In their study, Klinenberg and Leigh found that some of the New Yorkers living alone also responded to getting neglected by protesting. Others joined mutual aid groups so that they could all help one another. Some did what they could to help others who were especially vulnerable, such as those whose immigration status made them ineligible for certain protections such as unemployment insurance. Some got involved in addressing social issues that were not specific to the pandemic, such as the Black Lives Matter movement. With those kinds of actions, single people who had been marginalized by those in power did something about it, and experienced meaningful connections in the process.

2. Missing strangers and “familiar strangers”

During the times of pandemic lockdowns, places such as a favorite coffee shop were shut down, and people living alone missed the pleasant ritual of seeing some of the same people every day. Sometimes they had greeted those people, or exchanged pleasantries with them, even if they didn’t even know their names.

People who live alone in the city often enjoy being out and about, among other people, but during lockdowns, other people were less likely to be out on their front stoops, or in the parks, or scurrying to get to work. Just seeing those other people—either total strangers or “familiar strangers”—was something people living alone during the pandemic said that they missed. (My guess is that people living with others missed those kinds of experiences, too, but they were not included in the study.)

3. Physical aloneness

People living alone during the pandemic typically stayed connected with other people virtually, but physically, they were alone. “Sometimes this sense of physical aloneness was distressing,” Klinenberg and Leigh found, “but in other instances, it was simply their state of being.” Some didn’t think that loneliness was unique to those living alone; they mentioned friends and relatives who were feeling lonely, even though they were living with other people.

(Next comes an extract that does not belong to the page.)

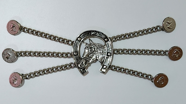 Rastra Mediana Herradura y caballo niquelada.Medida del centro 5 cm de ancho x 5,5 cm de alto.Medida extendida 23cm.

Interestingly, one of the people the researchers quoted was a man in his sixties who had just lost his partner of more than 30 years. He missed their casual commentary on the TV shows they watched together and chatting over dinner. That person was not just living alone as a matter of course; he was alone after living with a romantic partner for decades.

People who are Single at Heart and who live alone are less likely to experience distress about being physically alone, even during a pandemic. They love being single, and one of the things they love about it is the opportunities it offers to have time and space to themselves. They are far more likely to savor their solitude than to feel lonely when they are alone.

Newfound Confidence

The people living alone during the pandemic in 2020 may have felt abandoned by the people in power, they may have missed seeing people when they were out and about, they may have missed physical touch, and they may have had other challenges, too. Yet, Klinenberg and Leigh reported, “several interviewees discovered newfound confidence in themselves through navigating the uncertain early months of the pandemic alone. . . being able to successfully cope with the personal and logistical challenges of living alone became a source of strength.”

This post was adapted from a column published at Unmarried Equality, with the organization’s permission. The opinions expressed are my own.